→ Work instructions
Images excepted, the data below must be repeated exactly.

→ Data below
········
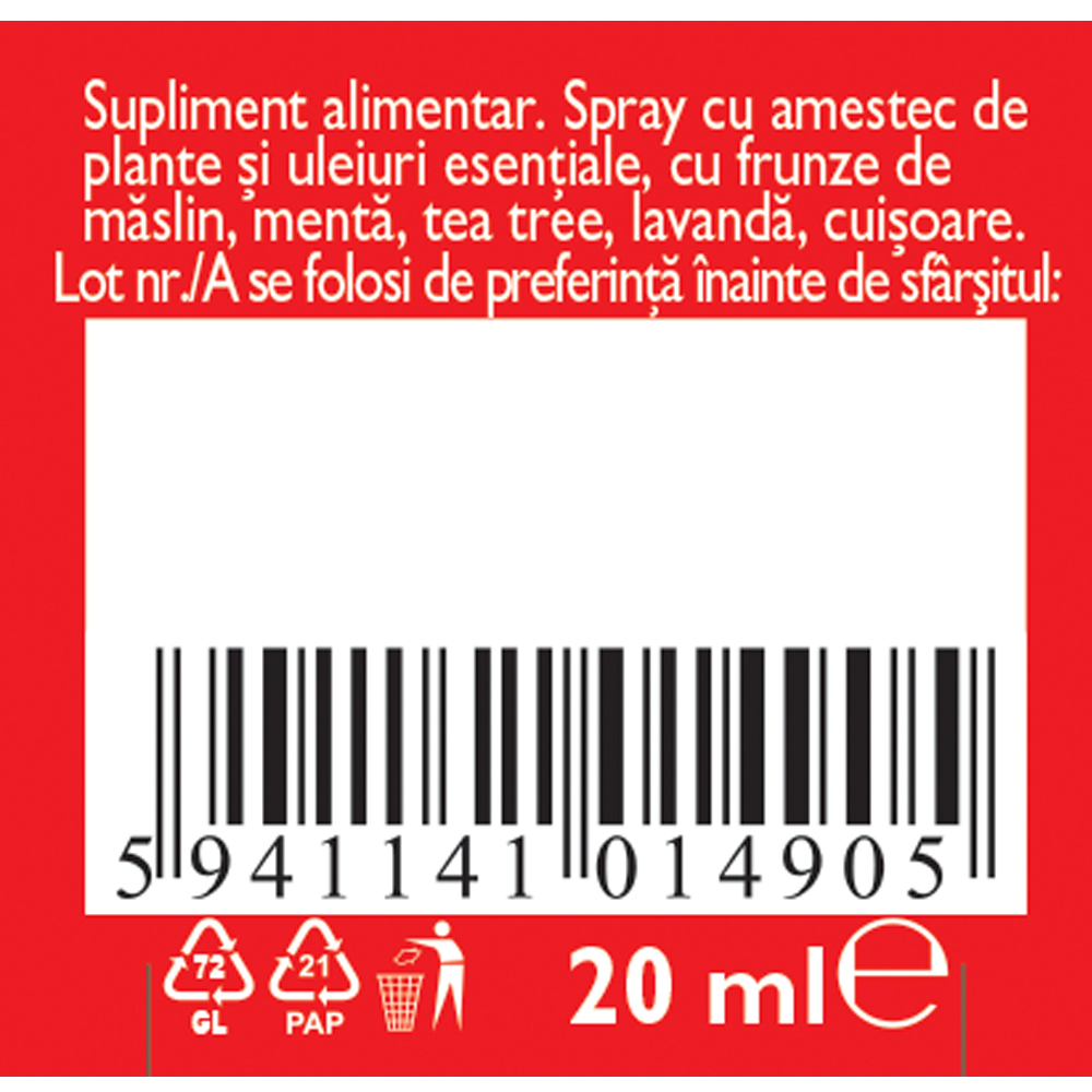 Produsul este un spray, realizat dintr-un amestec de extracte de plante și uleiuri esențiale pure.
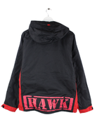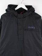 Schwarze Vintage Leichte Jacke in Größe L. Sie ist aus Synthetik gefertigt und in sehr gutem Zustand bei uns zu bekommen. Mit schickem Hawk Print.
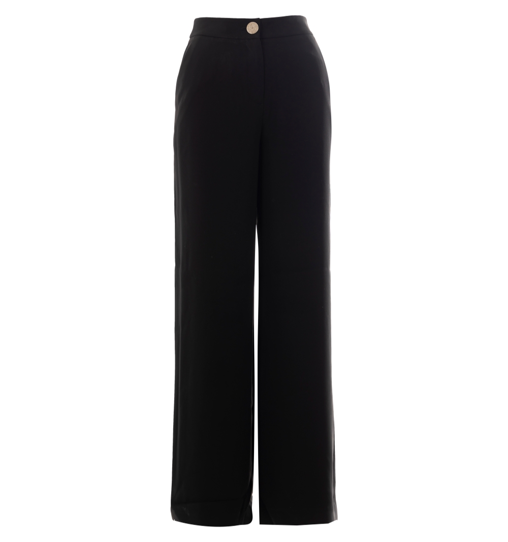 Pantalone Donna, modello largo con chiusura zip e bottone
········
→ Answer for this exercise
 Produsul este un spray, realizat dintr-un amestec de extracte de plante și uleiuri esențiale pure.
 Schwarze Vintage Leichte Jacke in Größe L. Sie ist aus Synthetik gefertigt und in sehr gutem Zustand bei uns zu bekommen. Mit schickem Hawk Print.
 Pantalone Donna, modello largo con chiusura zip e bottone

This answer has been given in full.